== The task ==
Where the records below begin, start copying, and stop after the line that contains "Posé sur un"; reproduce every line exactly but omit pictures.

[[ Materials provided open ]]

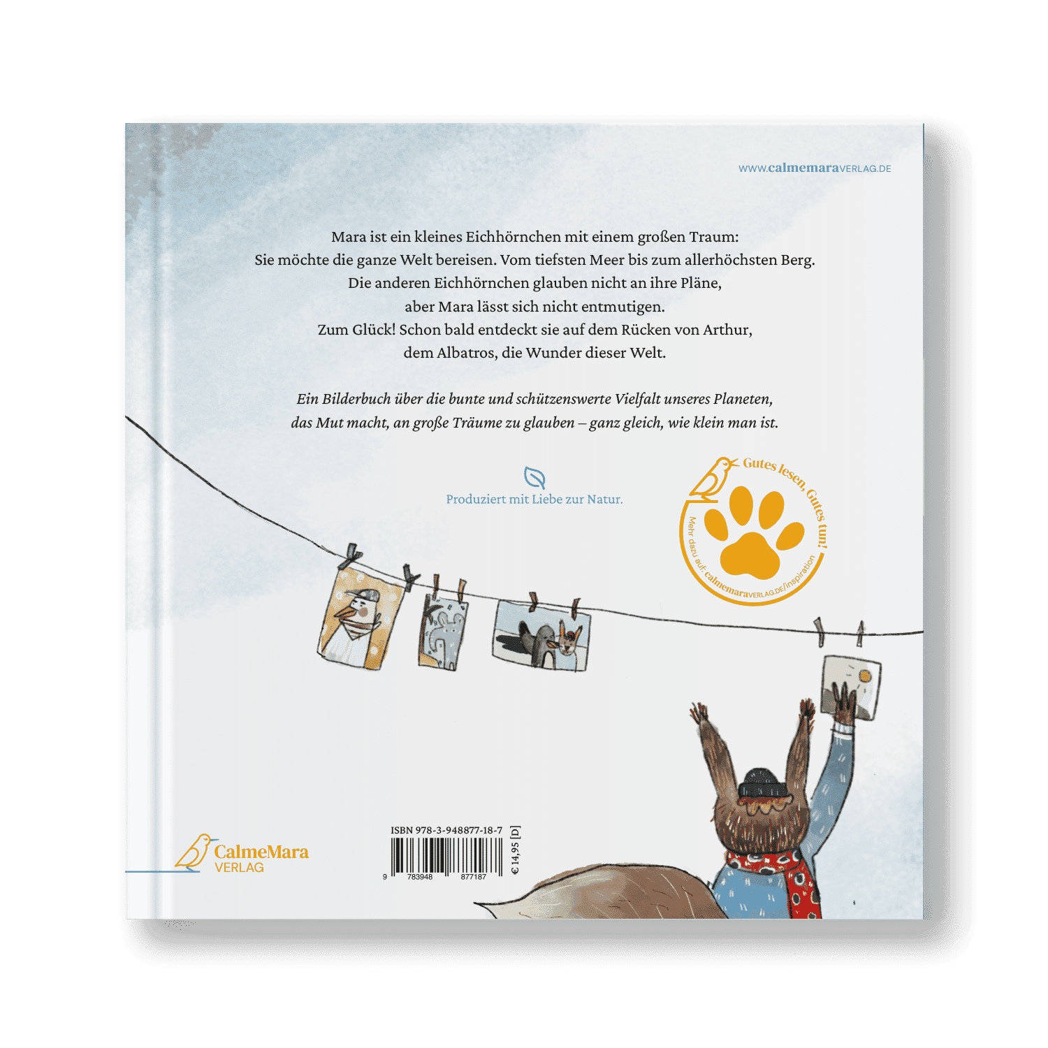 Das kleine Eichhörnchen Mara wünscht sich nichts sehnlicher, als »Eine kleine große Reise um die Welt« zu machen. Die anderen Eichhörnchen glauben nicht an ihren Traum: So ein kleines Tier wie sie ist nicht dafür gemacht, das sichere Zuhause zu verlassen. Doch Mara hält an ihren Plänen fest und findet schon bald einen passenden Reisegefährten. Auf dem Rücken von Albatros Arthur macht sie ihren großen Traum wahr und erkundet all die faszinierenden Orte unseres einzigartigen Planeten!
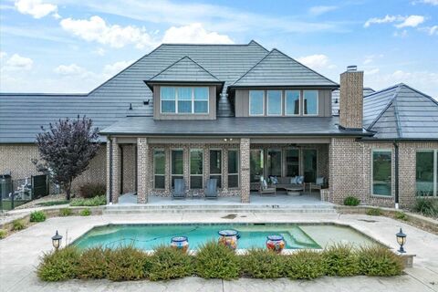 Extraordinary European Country inspired home in one of the most desirable additions in Aledo -- La Madera Estates! Superbly built with perfect blend of sophisticated yet livable style and appointed from head-to-toe with gorgeous finishes and state-of-the-art amenities including TESLA Powerwall Backup Power Grid plus Class 4 rated TESLA Solar Roof Tiles ultra energy efficient and arguably the most impressive feature of the home! Bright and open design chef's kitchen with SS commercial grade appliances, 6 burner cooktop and double ovens. The kitchen opens to impressive great room with high ceilings, impressive floor to ceiling stone fireplace, gleaming hardwood floors and great windows overlooking it's incredible resort-like backyard! Fabulous outdoor pool cabana with built-in BBQ grill and outdoor kitchen and living space overlooking a stunningly sleek pool with Pentair LED color lighting, pristine landscaping and gorgeous views of serene lake and pretty estate properties all around!
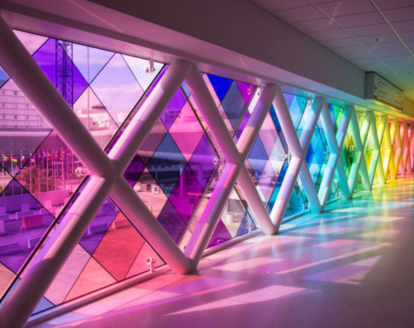 Posé sur un vitrage clair, le film transparent Bleu 65 C lui donne une teinte bleue soutenue, tout en conservant une parfaite transparence. Il apporte une touche colorée et dynamique à toute vitre intérieure
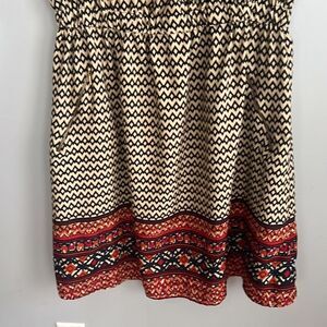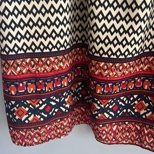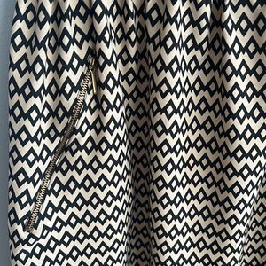 The waist is stretchy and very comfortable and there are two zippered pockets in the front. The geometric print of the dress is very flattering and there is an accent of a geometric print at the bottom. Very light and breezy.
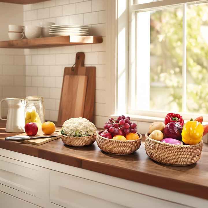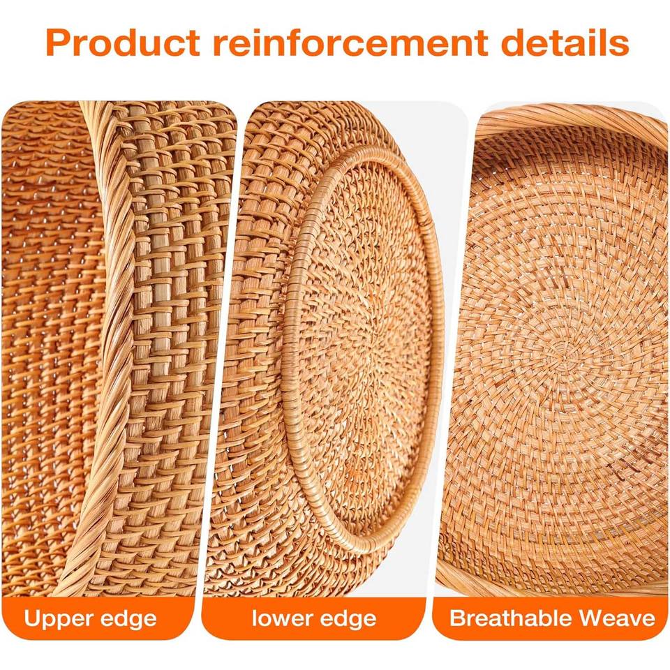 ชุดตะกร้าขนมปังหวาย ตะกร้าทรงกลมทอมือธรรมชาติ หลายขนาด สำหรับเสิร์ฟอาหาร เก็บขนมปัง ขนมอบ ผลไม้ ใช้ในครัวและห้องรับประทานอาหาร

[[ Materials provided closed ]]

== Your solution ==
 Das kleine Eichhörnchen Mara wünscht sich nichts sehnlicher, als »Eine kleine große Reise um die Welt« zu machen. Die anderen Eichhörnchen glauben nicht an ihren Traum: So ein kleines Tier wie sie ist nicht dafür gemacht, das sichere Zuhause zu verlassen. Doch Mara hält an ihren Plänen fest und findet schon bald einen passenden Reisegefährten. Auf dem Rücken von Albatros Arthur macht sie ihren großen Traum wahr und erkundet all die faszinierenden Orte unseres einzigartigen Planeten!
 Extraordinary European Country inspired home in one of the most desirable additions in Aledo -- La Madera Estates! Superbly built with perfect blend of sophisticated yet livable style and appointed from head-to-toe with gorgeous finishes and state-of-the-art amenities including TESLA Powerwall Backup Power Grid plus Class 4 rated TESLA Solar Roof Tiles ultra energy efficient and arguably the most impressive feature of the home! Bright and open design chef's kitchen with SS commercial grade appliances, 6 burner cooktop and double ovens. The kitchen opens to impressive great room with high ceilings, impressive floor to ceiling stone fireplace, gleaming hardwood floors and great windows overlooking it's incredible resort-like backyard! Fabulous outdoor pool cabana with built-in BBQ grill and outdoor kitchen and living space overlooking a stunningly sleek pool with Pentair LED color lighting, pristine landscaping and gorgeous views of serene lake and pretty estate properties all around!
 Posé sur un vitrage clair, le film transparent Bleu 65 C lui donne une teinte bleue soutenue, tout en conservant une parfaite transparence. Il apporte une touche colorée et dynamique à toute vitre intérieure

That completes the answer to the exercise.